Romney is an Extremist – but the Public Cannot Believe It!


We recently visited Eastern Europe. In Berlin we saw the “Typography of Terror” exhibit, in Poland we toured the Auschwitz Death Camp and the new exhibit at the “Schindler’s List” factory, in Prague we viewed with sorrow the Jewish Museum collection that the Nazi’s forced Jewish religious leaders to assemble and curate as “a tribute to a vanished race” before sending most off to be murdered at Auschwitz.

Why didn’t the Jews resist? One theory – no one could believe that a German nation intent on winning a war would also deliberately go to great expense to murder so many people. They need the workers, don’t they? No one would be so extreme! Work camps, yes. Mass murder, no! As Tony Judt observes in Thinking the Twentieth Century, it took years for the reality of the Holocaust to be absorbed and to influence scholarly and everyday thinking.

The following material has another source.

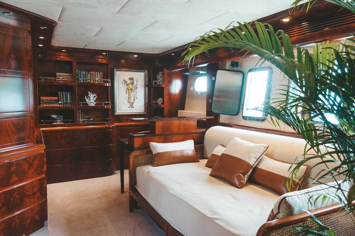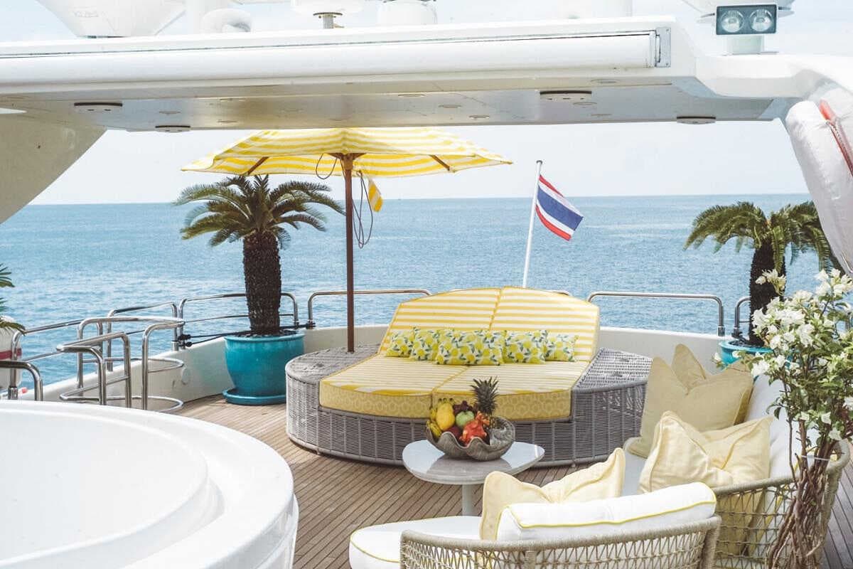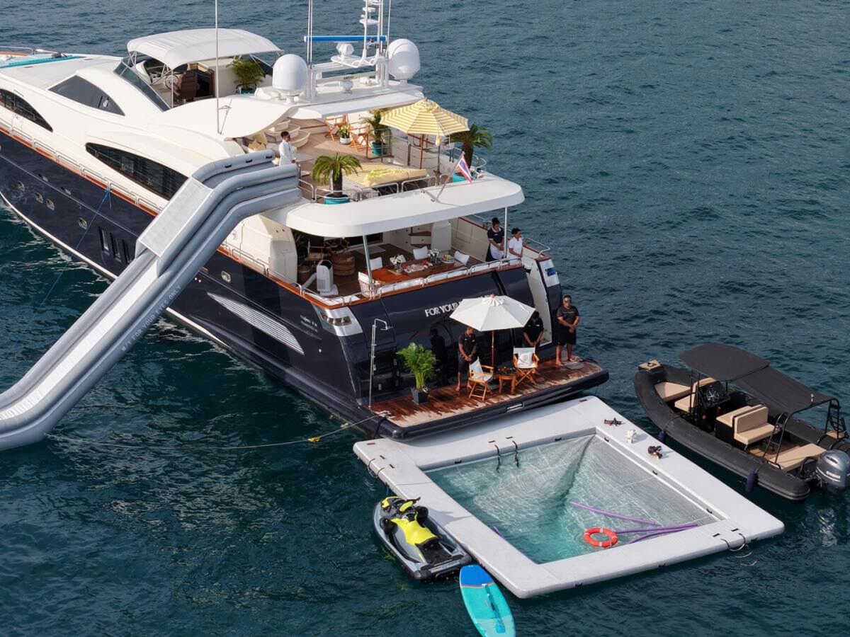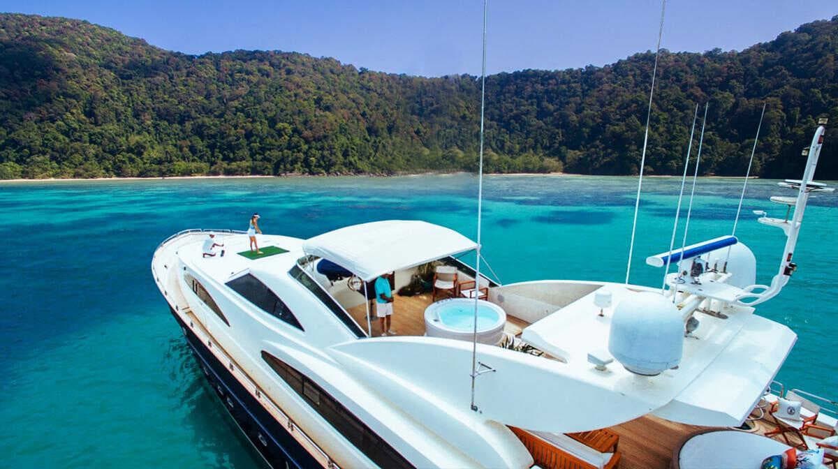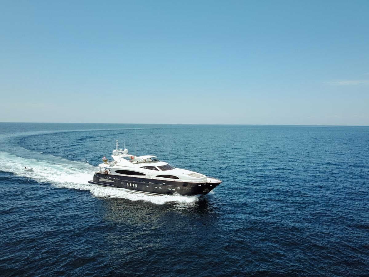 click to expandtap to expandA sleek, dark-hulled silhouette that commands attention on the Andaman Sea. The Astondoa 102 balances Mediterranean styling with engineering performance — featuring a spacious flybridge with jacuzzi, elegant interiors across four cabins, and generous deck space for up to 25 guests. Built by the renowned Spanish shipyard Astondoa, she delivers an unforgettable charter experience from Ao Po Grand Marina.

Is there now a similar refusal to believe Republican plans for the American middle and working classes? Can ordinary Americans refuse to believe what right-wing politicians are promising? See the Daily Kos July 19 story (The Obama Strategy: Bain Softens Up Romney For The Real Blow: the Ryan Budget). Many low-information voters simply cannot believe how radically different the Republican plans for the middle class are this time.

The public did not view Romney as an extremist. For example, when Priorities informed a focus group that Romney supported the Ryan budget plan — and thus championed “ending Medicare as we know it” — while also advocating tax cuts for the wealthiest Americans, the respondents simply refused to believe any politician would do such a thing.

What became clear was that voters had almost no sense of Obama’s opponent.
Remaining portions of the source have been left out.